Stormy Springs...Another installment of the Lit Soap Opera

Niether Rocky nor Stormy will come to the conclusion that it is best to leave thier personal lives in the privacy of thier own mailbox, and continue to spew hatred toward one another, and then get mad at those of us who even attempt to give them some helpful advice telling us its none of our business?
 
Good try Todd...but not really in soap opera form...

:p
 
Now this is getting interesting...

Ya'll, don't really think I would get mad, huh? Like I already said, I can't or won't flame anyone for speaking their minds. This is what I like about this place, you get feed back, good or bad....and then it's on to the next problem, joke, compliment, opinion or whatever.

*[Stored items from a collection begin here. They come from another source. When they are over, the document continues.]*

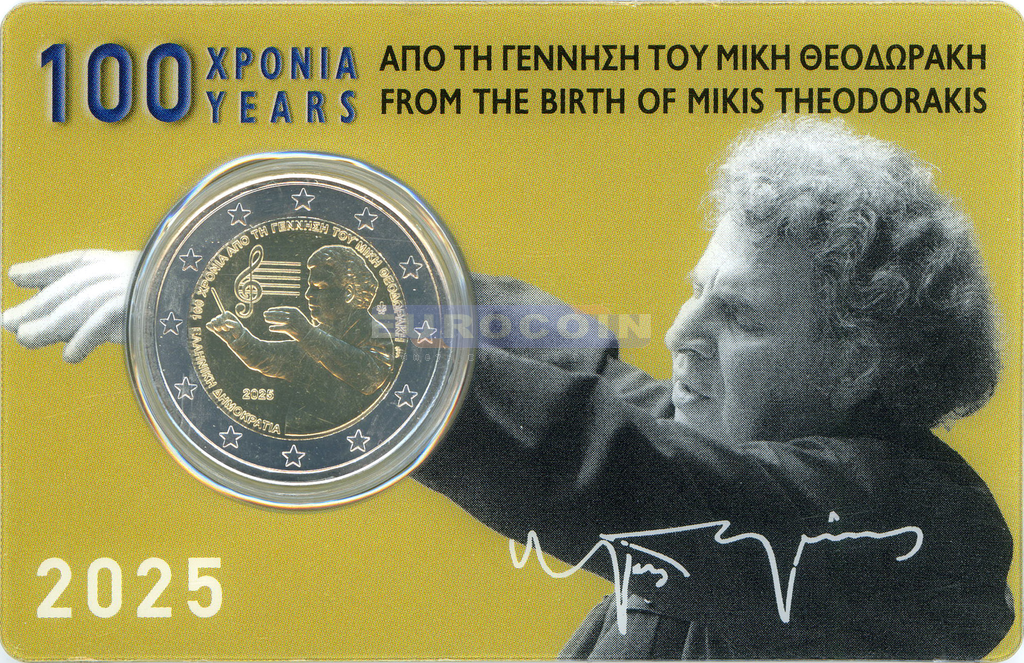 Греция 2 евро 2025, 100 лет со дня рождения Микиса Теодоракиса - BU
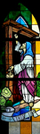 An Israelite dashes blood on his doorposts, in preparation for Passover, in this window at Trinity Community Church, Fleming Island, Florida.
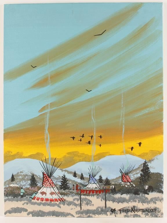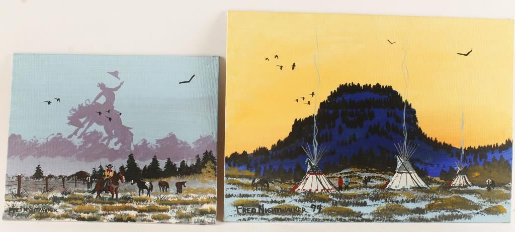 Lot 416 Collection of 5 original oil paintings on canvas by Fred Nightwalker. 8x10" and 12x16". Values to

I gotta say that the title, "Stormy Springs", was a good one. LOL. Think I'll sit back now and let ya'll have at me for a while. Go ahead, I can take it....oh wait, let me light up first. Ok, fire away.
 
With a flick of her hair and an indignant huff, Stormy stormed off to sulk. Rocky Springs looks both concerned and indifferent. Stormy turns to glare over her shoulder and slowly lifts a glass of wine to her deep red lips. She turns the glass up and downs the entire contents in one gulp then slings the glass against a photo taken of the two of them during happier times. The imagery was not lost on Rocky, as the dregs of the red wine slipped down his side of the portrait, resembling blood on his face.

Stormy breathed deeply, and her bosom heaved up and down hypnotically. Rocky's eyes were drawn to her cleavage, and then to her face. The anger was visible in her eyes. This excited him to no end. He had to have her now.

Rocky stepped to where stormy stood and touched her shoulder. She jerked away.

"Don't touch me, you bastard!!"

"But, dear, this fight wasn't MY fault. You know how you get at this time of the month."

"GET OUT!" she screamed.

Rocky stood his ground.

"I SAID GET OUT!!"

Rocky grabbed her by the arms and forcibly turned her around, then planted a kiss full on her lips. She tightened up ever so slightly, then the tension eased from her body, starting at her shoulders and going down her body. We leave them as one of Stormy's feet draw up in obvious pleasure at the kiss.
 
Stormy regains her composure and turns away from Rocky...

:p
 
In tearful sobbing fit, "Rocky I know you that I have implants, But i must tell you the truth..."


TAking Stormy in his arms, "What ever it is my dear it doesn't matter to."

"I used to be a man!!!"


"...."
 
I'll read it, Celestial.

Here's a six pack of Michelobe, Siren....drink up and one question? Are ya'll gonna let me get laid in this saga?
 
Rocky turned away from the interchange. No way was he going to apologize! It was about time Stormy learned who wore the pants around here...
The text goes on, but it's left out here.